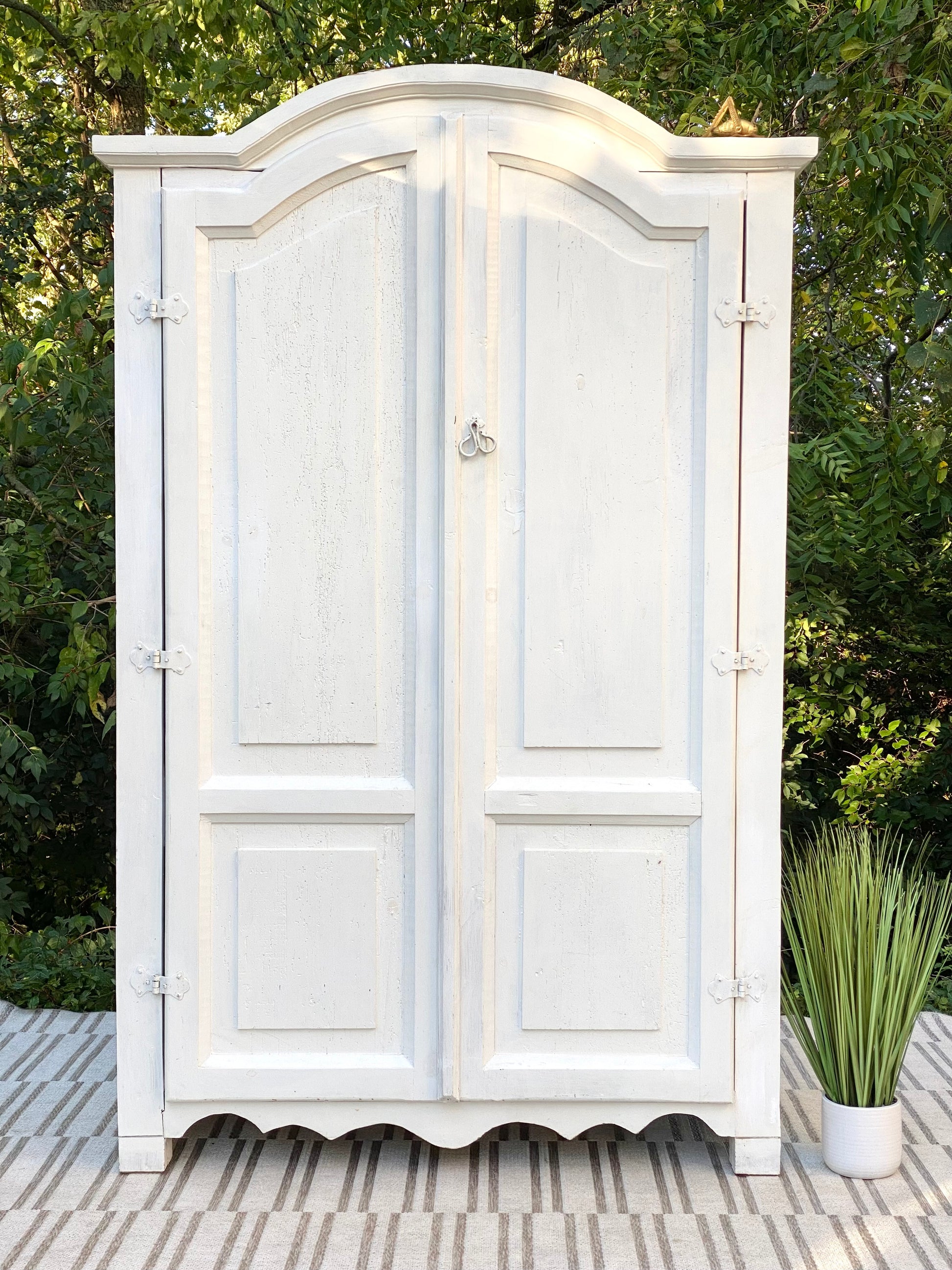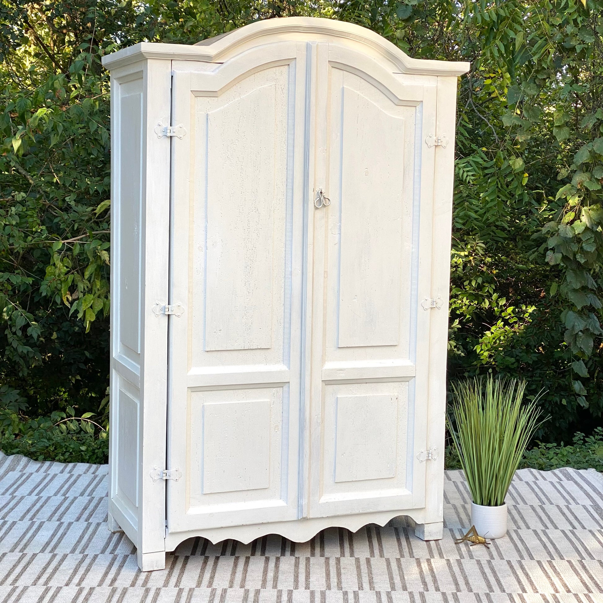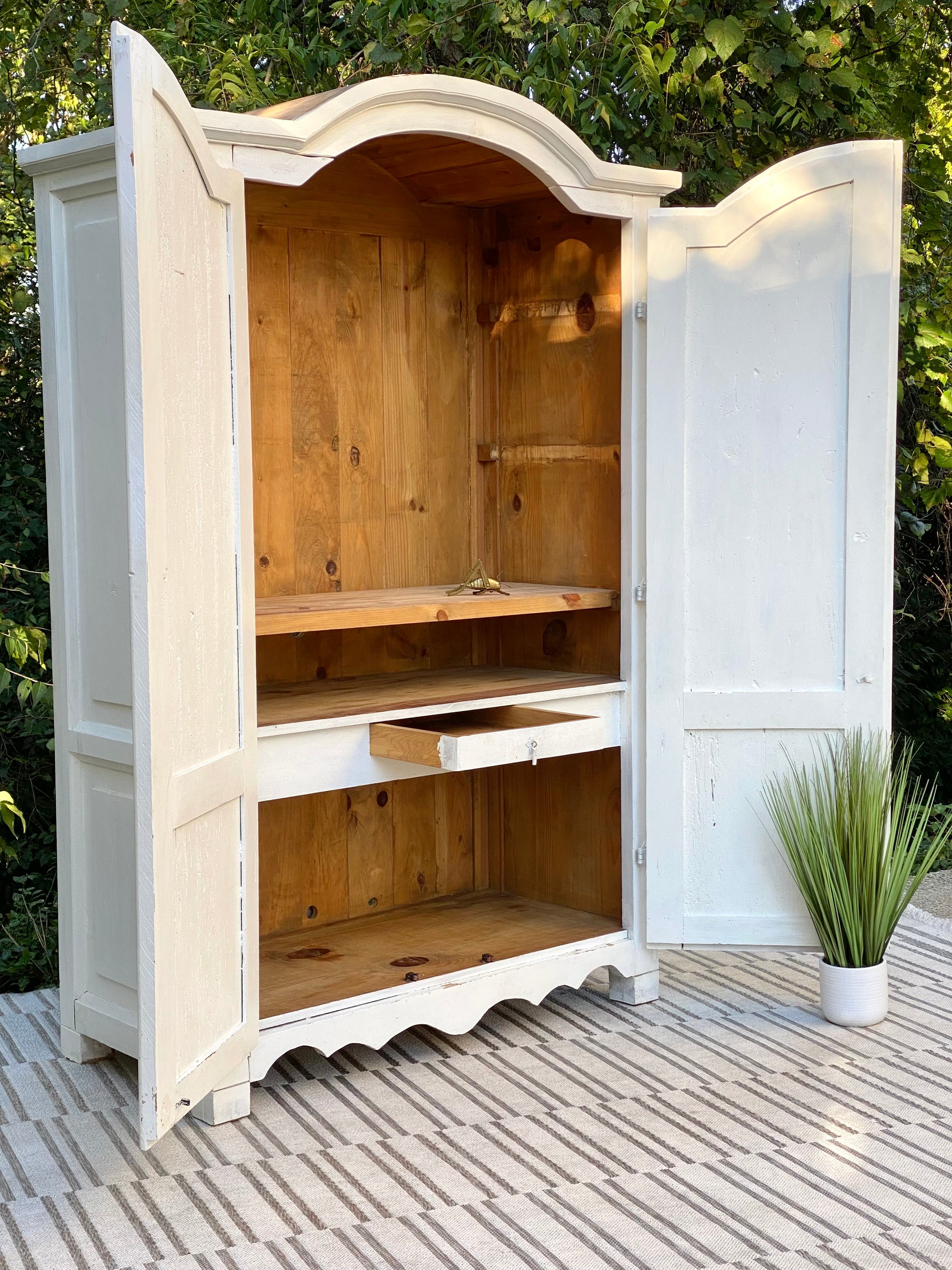 SOLD - Newest arrival! 🧡🍁 Check out this beautiful vintage white pine cabinet with top double doors and storage below. Great storage piece and has awesome farmhouse vibes! 80” x 24” x 51” Good condition
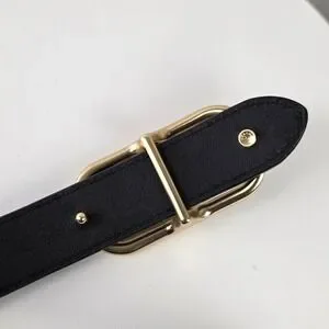 Coach Morgan Rectangle Black Leather Buckle Belt Medium M Gold Horse Carriage
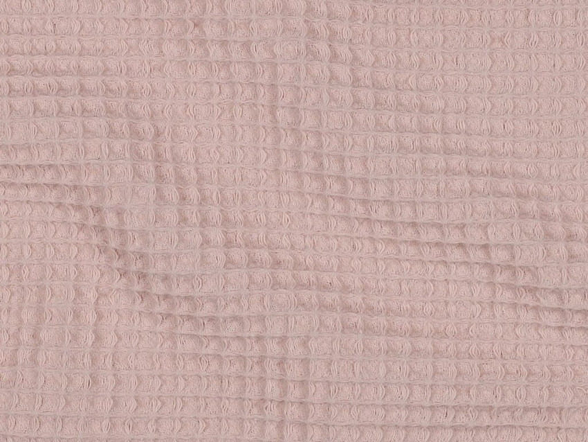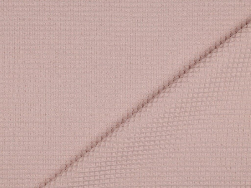 Tejido waffle 100% algodón en color rosa bebé, dulce, suave y con textura gofrada. Ideal para confección infantil, hogar o accesorios delicados.
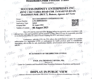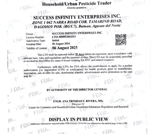 Furthermore, your safety and well-being are paramount. Every single one of our consumable products has passed the rigorous standards of the Food and Drug Administration (FDA), guaranteeing that what you bring into your home is not only effective but also completely safe for your family. On a local level, our operations are fully sanctioned with a Mayor's Permit, cementing our role as a responsible and contributing member of the community.
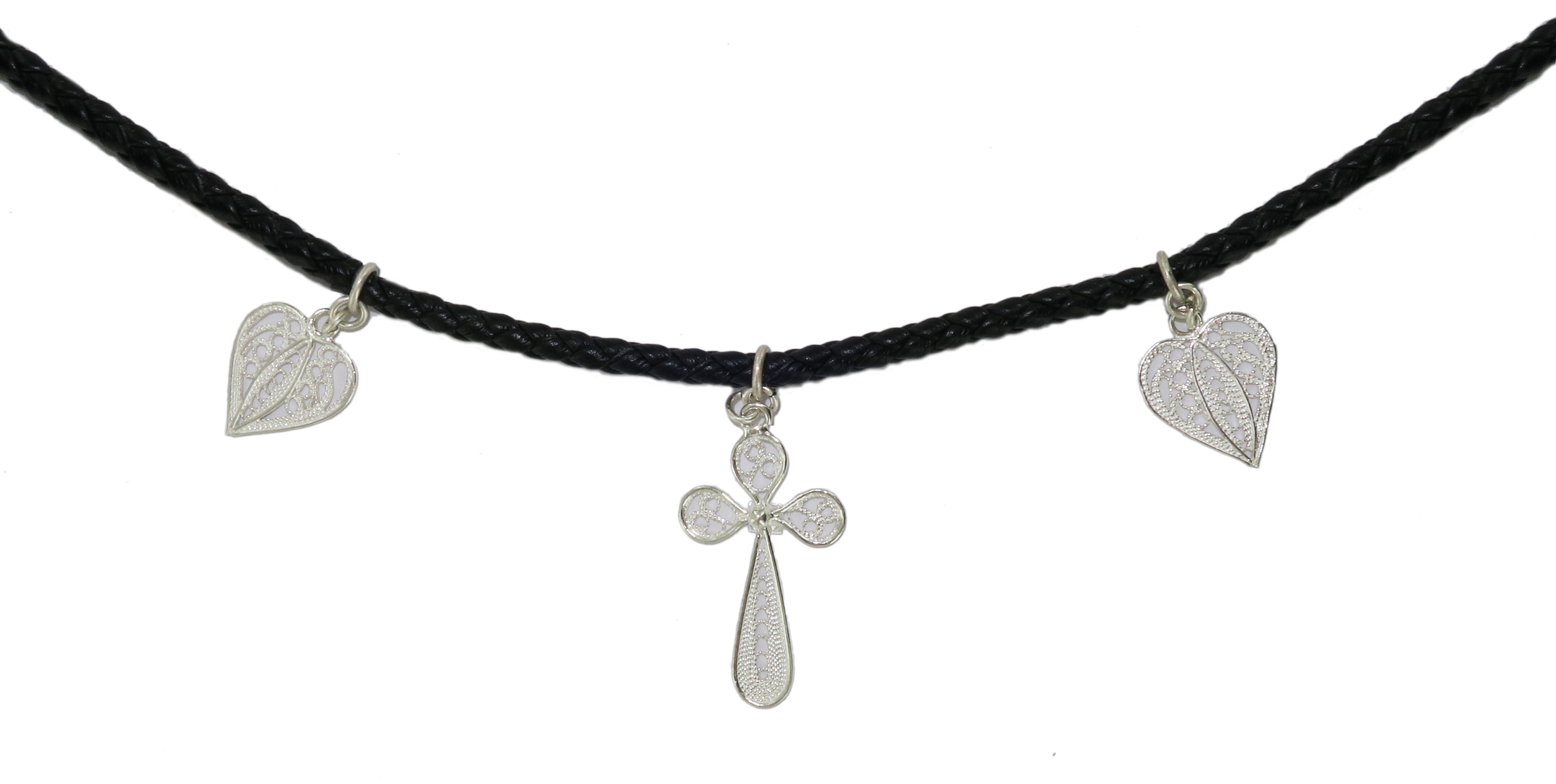 Girocollo in ecopelle nera con croce e cuori filigrana in argento
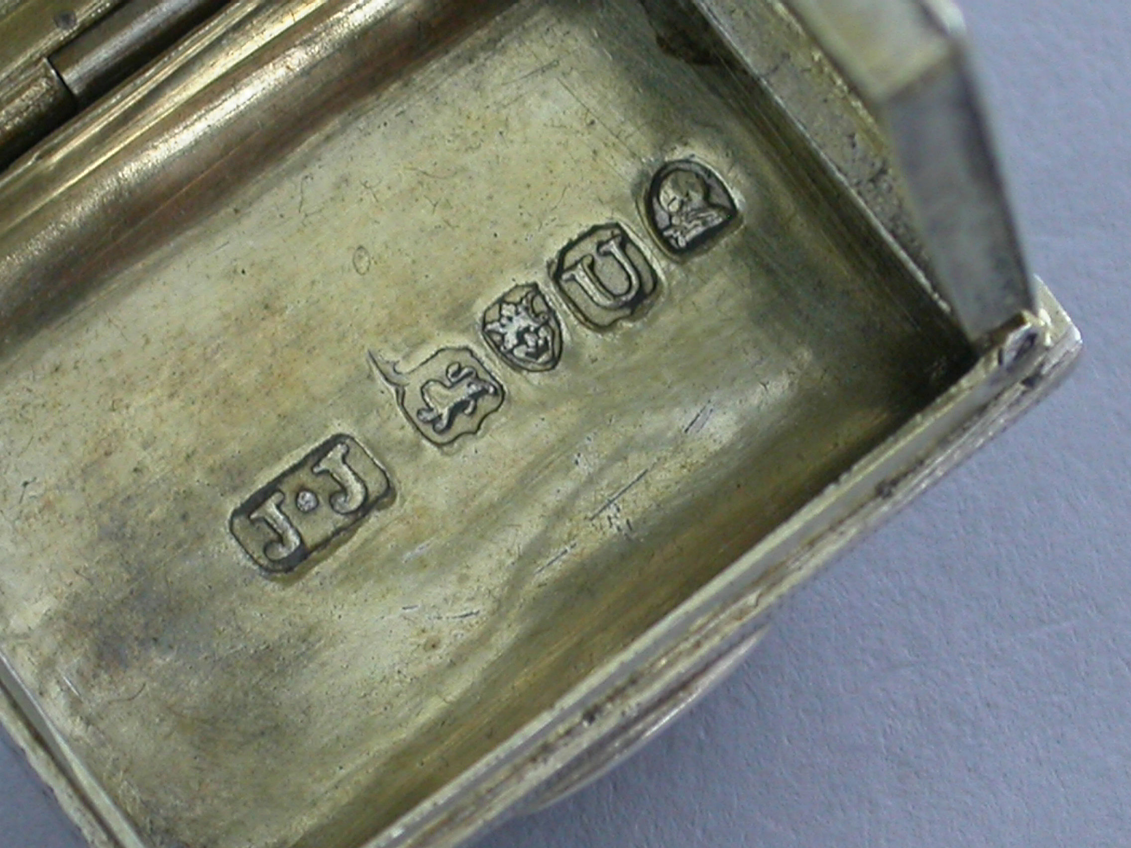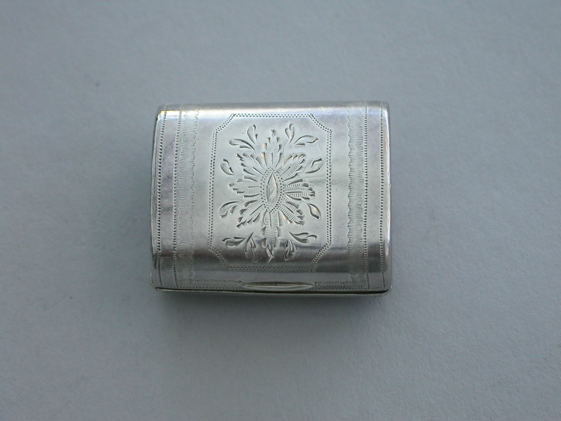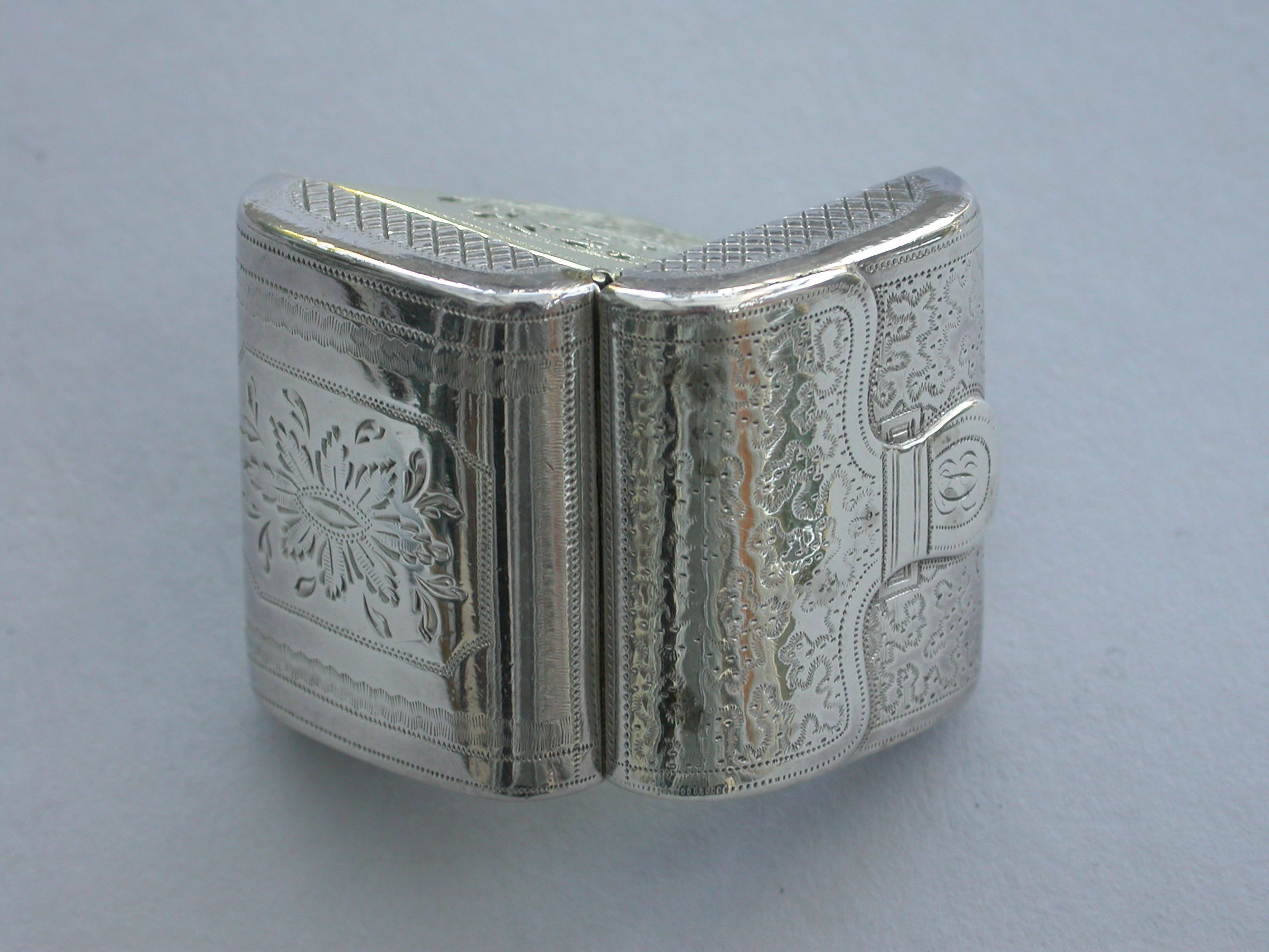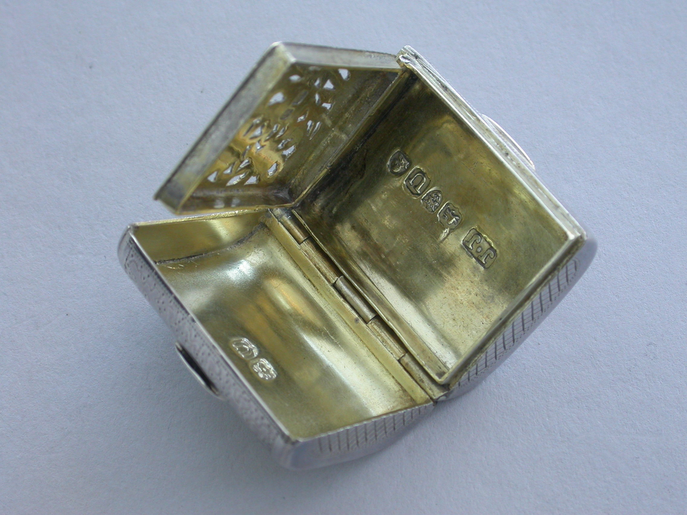 A good George III novelty silver Vinaigrette formed as a wallet with monogram 'ECB' on the tongue, the cover with all-over patterning of prick-dot vermicelli, the base with framed central flower head within decorative borders and cross-hatching to the sides. The silver gilt grille with central panel of flowers and leaves.

──────

§ **GOAL OF THE EXERCISE**
Repeat the material exactly as it reads, without any of its pictures.

§ **ANSWER BOX**
 SOLD - Newest arrival! 🧡🍁 Check out this beautiful vintage white pine cabinet with top double doors and storage below. Great storage piece and has awesome farmhouse vibes! 80” x 24” x 51” Good condition
 Coach Morgan Rectangle Black Leather Buckle Belt Medium M Gold Horse Carriage
 Tejido waffle 100% algodón en color rosa bebé, dulce, suave y con textura gofrada. Ideal para confección infantil, hogar o accesorios delicados.
 Furthermore, your safety and well-being are paramount. Every single one of our consumable products has passed the rigorous standards of the Food and Drug Administration (FDA), guaranteeing that what you bring into your home is not only effective but also completely safe for your family. On a local level, our operations are fully sanctioned with a Mayor's Permit, cementing our role as a responsible and contributing member of the community.
 Girocollo in ecopelle nera con croce e cuori filigrana in argento
 A good George III novelty silver Vinaigrette formed as a wallet with monogram 'ECB' on the tongue, the cover with all-over patterning of prick-dot vermicelli, the base with framed central flower head within decorative borders and cross-hatching to the sides. The silver gilt grille with central panel of flowers and leaves.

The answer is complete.